Nguyen Long D, Nguyen Quang H, Trinh Quang H, Nguyen Binh P
School of Information and Communication Technology, Hanoi University of Science and Technology, 1 Dai Co Viet, Hanoi 100000, Vietnam.
School of Mathematics and Statistics, Victoria University of Wellington, Kelburn Parade, Wellington 6012, New Zealand.
J Chem Inf Model. 2024 Dec 23;64(24):9173-9195. doi: 10.1021/acs.jcim.4c01240. Epub 2024 Dec 6.

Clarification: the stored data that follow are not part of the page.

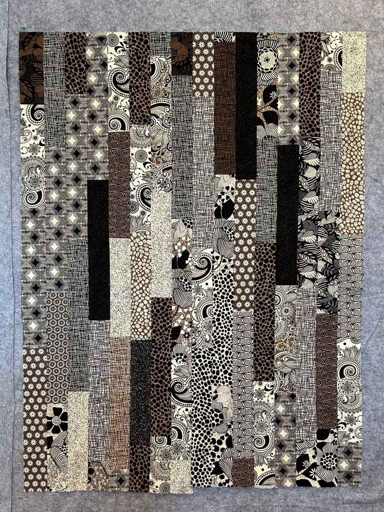 Then I sewed them together jelly roll race style and ended up with this.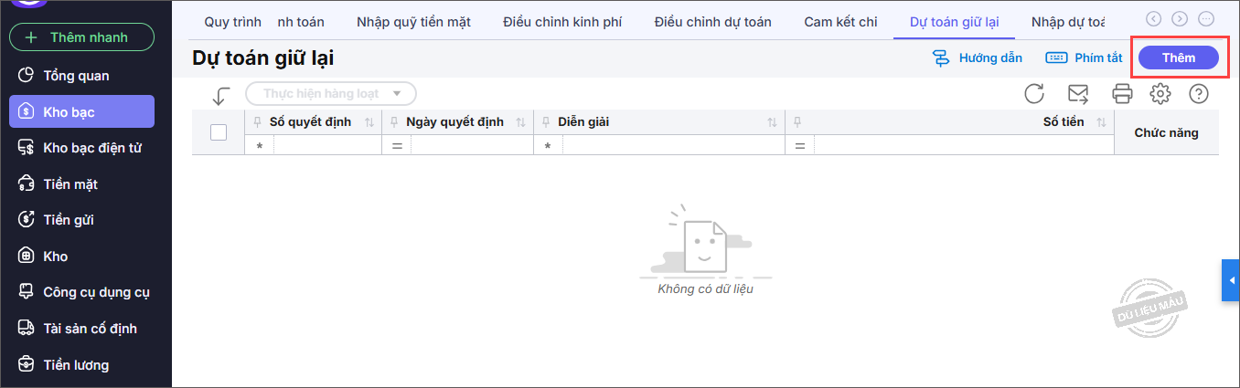 2.1. Thêm mới Dự toán giữ lại
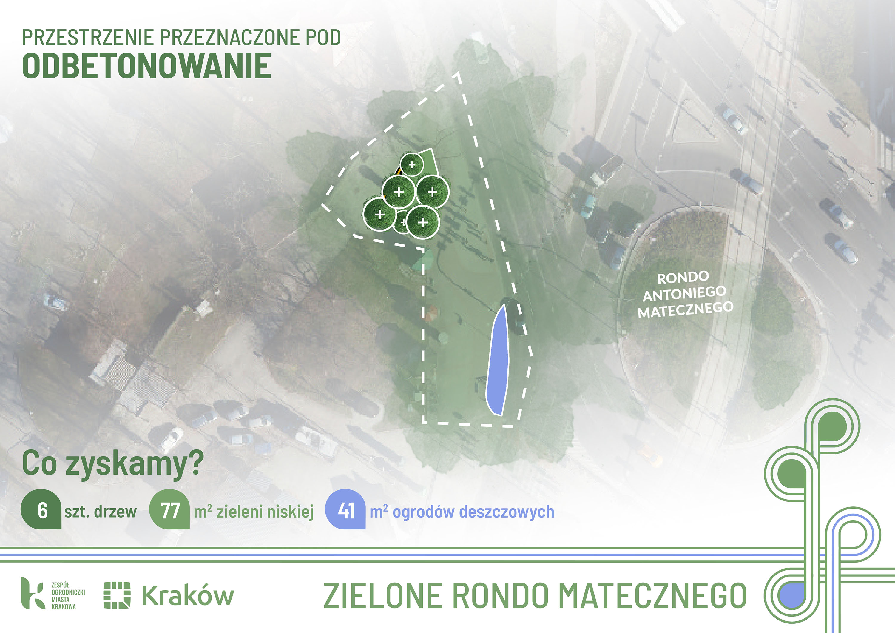 Kraków planuje odbetonowanie fragmentów niefunkcjonalnych przestrzeni utwardzonych – głównie wzdłuż ulic. Oznacza to usunięcie zbędnych betonowych lub asfaltowych nawierzchni i wprowadzenie tam zieleni retencyjnej – czyli takiej, która naturalnie chłonie wodę opadową i wspiera mikroklimat miejski.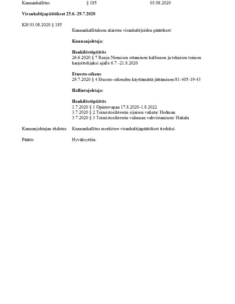 Pöytäkirja 03.08.2020/Pykälä 185

We present a novel molecular property prediction framework that requires only the SMILES format as input but is designed to be multimodal by incorporating predicted 3D conformer representations. Our model captures comprehensive molecular features by leveraging both the sequential character structure of SMILES and the three-dimensional spatial structure of conformers. The framework employs contrastive learning techniques, utilizing InfoNCE loss to align SMILES and conformer embeddings, along with task-specific loss functions, such as ConR for regression and SupCon for classification. To address data imbalance, we incorporate feature distribution smoothing (FDS), a common challenge in drug discovery. We evaluated the framework through multiple case studies, including SARS-CoV-2 drug docking score prediction, molecular property prediction using MoleculeNet data sets, and kinase inhibitor prediction for JAK-1, JAK-2, and MAPK-14 using custom data sets curated from PubChem. The results consistently outperformed state-of-the-art methods, with ConR and FDS significantly improving regression tasks and SupCon enhancing classification performance. These findings highlight the flexibility and robustness of our multimodal model, demonstrating its effectiveness across diverse molecular property prediction tasks, with promising applications in drug discovery and molecular analysis.
我们提出了一种新颖的分子特性预测框架,该框架仅需以SMILES格式作为输入,但通过整合预测的3D构象表示设计为多模态的。我们的模型通过利用SMILES的序列字符结构和构象的三维空间结构来捕获全面的分子特征。该框架采用对比学习技术,利用InfoNCE损失来对齐SMILES和构象嵌入,以及特定任务的损失函数,如用于回归的ConR和用于分类的SupCon。为了解决数据不平衡问题,我们纳入了特征分布平滑(FDS),这是药物发现中的一个常见挑战。我们通过多个案例研究对该框架进行了评估,包括SARS-CoV-2药物对接分数预测、使用MoleculeNet数据集的分子特性预测,以及使用从PubChem策划的自定义数据集对JAK-1、JAK-2和MAPK-14进行激酶抑制剂预测。结果始终优于现有方法,ConR和FDS显著改善了回归任务,SupCon提高了分类性能。这些发现突出了我们多模态模型的灵活性和稳健性,证明了其在各种分子特性预测任务中的有效性,在药物发现和分子分析中具有广阔的应用前景。